Tag Archives: grandparents

Grandpa’s Memoir

            Recently, I realized that while I had typed up all of my grandfather’s letters back and forth with his father (despite many of my great grandfather’s responses being in Yiddish and broken English) and my grandmother’s travel diaries (listing all of the things she hated about each country she visited) and all of the children’s stories my grandfather had written for his grandchildren, or at least the ones that I could find, I hadn’t typed up his forty some odd page memoir, even though I was sure I had. We’ve had copies of his handwritten memoir forever, and maybe that’s why I assumed it had been typed up or at least scanned into the computer at some point, but no.

Grandpa’s memoir

            So, since I’m on summer break from work, I decided to type the memoir and give myself the opportunity to hear my grandfather’s voice once again.
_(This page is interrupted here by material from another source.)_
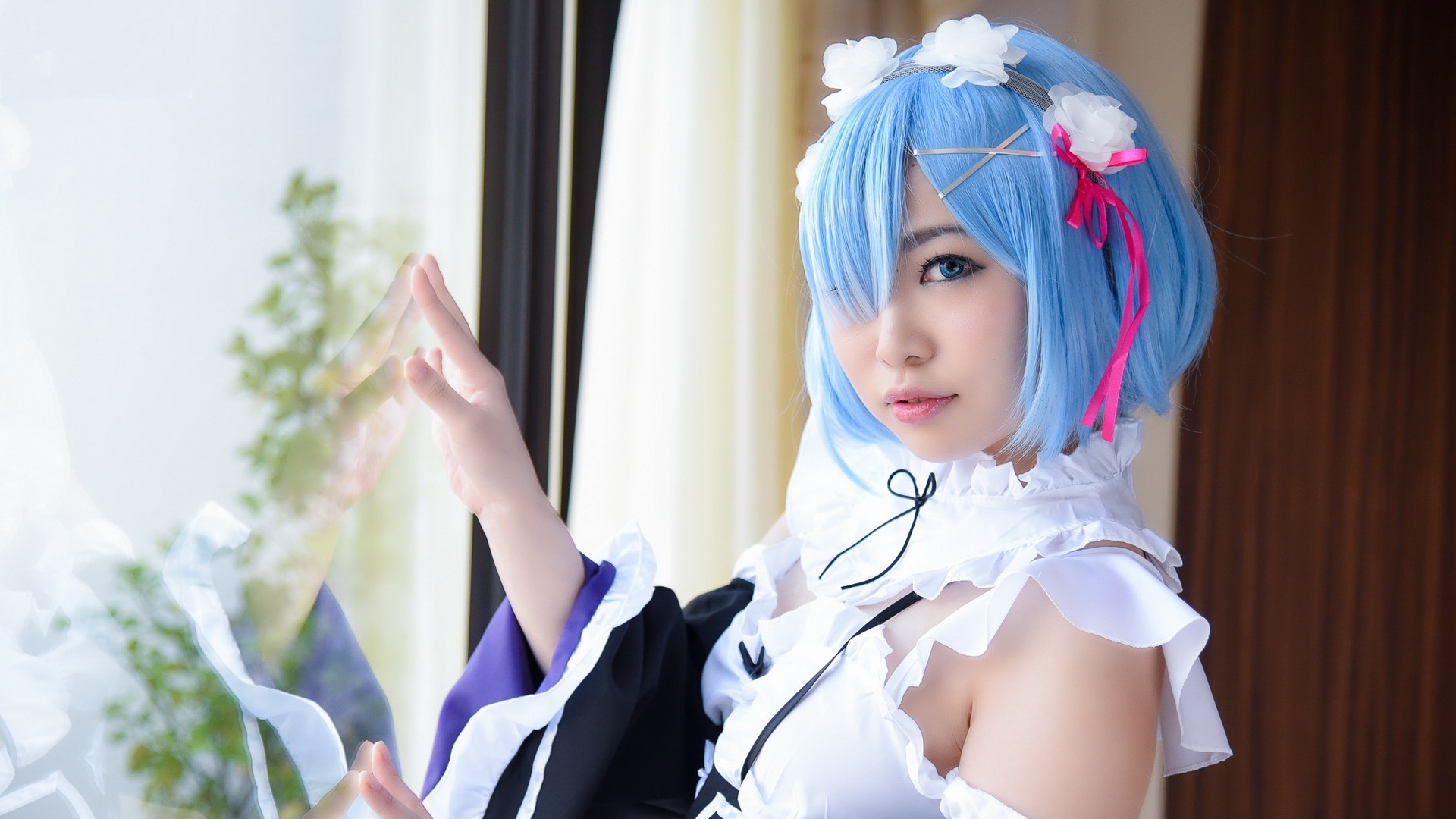 Description: A woman with blue hair and a white dress is posing for a picture with her hand up in the air.

            I had four grandparents, of course, but my father’s parents were both difficult people with not-so-great English who were unlikely to write down their thoughts in any language. And my mother’s mother, who wrote quite a lot, was not the most generous soul, so reading through her poems and essays, can be, at the very least, claustrophobic.

            But my mother’s father was a writer (as well as a teacher) and towards the end of his life he decided to sit down and write an account of his childhood, specifically for his grandchildren. He wrote, early in the pages, that he wished he’d had such an account from his own grandparents, and so he wanted to make sure to do that for us.

            For the past few weeks, whenever I’ve had time, and energy, I’ve been sitting in front of the computer transcribing a few pages of my grandfather’s handwriting – hearing his unique voice and how he played with punctuation (a dash here, a comma there, often both at the same time) and how he often repeated words for emphasis, like hard hard, for very hard, or much much, for very much. Interestingly, I’ve noticed this same pattern in Modern Hebrew, where le’at le’at (or slow slow) means very slowly, and maher maher (or fast fast) means very quickly.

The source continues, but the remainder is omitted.